When attempting to send, none of the counters (RX packets/TX
packets/etc) increase on the emulated e1000 device within the guest; RX
bytes and TX bytes are both 0, and all the error counters are likewise
zeroed. The e1000 module can be reloaded without any visible errors.
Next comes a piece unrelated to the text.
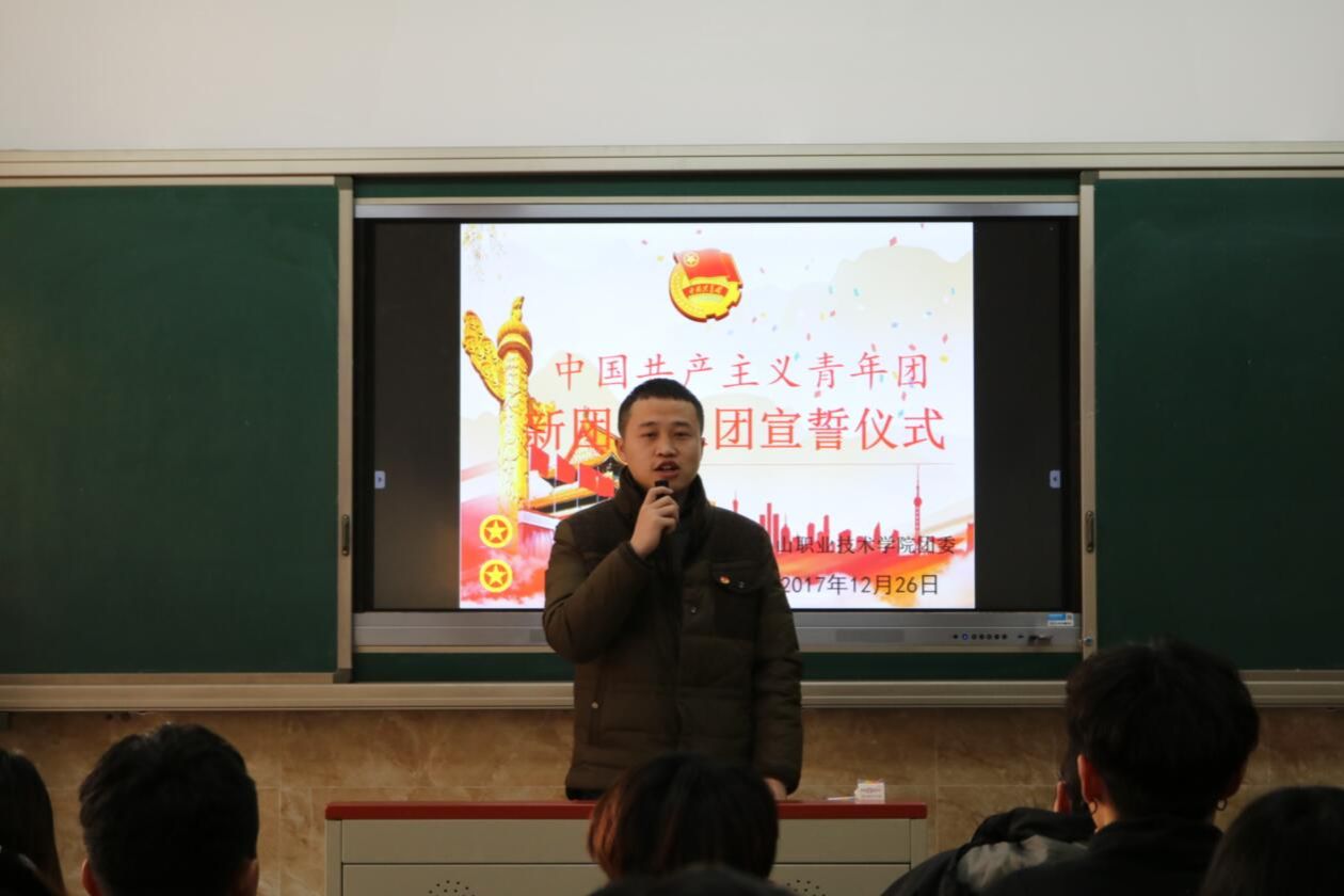 我院团委于2017年12月26日在2b104举办了新团员入团宣誓仪式。出席本次仪式的有学院团委副书记王渊明,学院团委老师郭胜男,学院团委老师魏莉鸿,以及各系代表和100名新团员,我系共有10名新团员参加此次仪式。

Where should I start in attempting to debug this?
MAC Registers
-------------
0x00000: CTRL (Device control register) 0x00140240
Endian mode (buffers): little
Link reset: normal
Set link up: 1
Invert Loss-Of-Signal: no
Receive flow control: disabled
Transmit flow control: disabled
VLAN mode: disabled
Auto speed detect: disabled
Speed select: 1000Mb/s
Force speed: no
Force duplex: no
0x00008: STATUS (Device status register) 0x80080783
Duplex: full
Link up: link config
TBI mode: disabled
Link speed: 1000Mb/s
Bus type: PCI
Bus speed: 33MHz
Bus width: 32-bit
0x00100: RCTL (Receive control register) 0x00008002
Receiver: enabled
Store bad packets: disabled
Unicast promiscuous: disabled
Multicast promiscuous: disabled
Long packet: disabled
Descriptor minimum threshold size: 1/2
Broadcast accept mode: accept
VLAN filter: disabled
Cononical form indicator: disabled
Discard pause frames: filtered
Pass MAC control frames: don't pass
Receive buffer size: 2048
0x02808: RDLEN (Receive desc length) 0x00000000
0x02810: RDH (Receive desc head) 0x00000000
0x02818: RDT (Receive desc tail) 0x000000FE
0x02820: RDTR (Receive delay timer) 0x00000000
0x00400: TCTL (Transmit ctrl register) 0x0103F0FA
Transmitter: enabled
Pad short packets: enabled
Software XOFF Transmission: disabled
Re-transmit on late collision: enabled
0x03808: TDLEN (Transmit desc length) 0x00000000
0x03810: TDH (Transmit desc head) 0x0000000F
0x03818: TDT (Transmit desc tail) 0x0000000F
0x03820: TIDV (Transmit delay timer) 0x00000000
PHY type: M88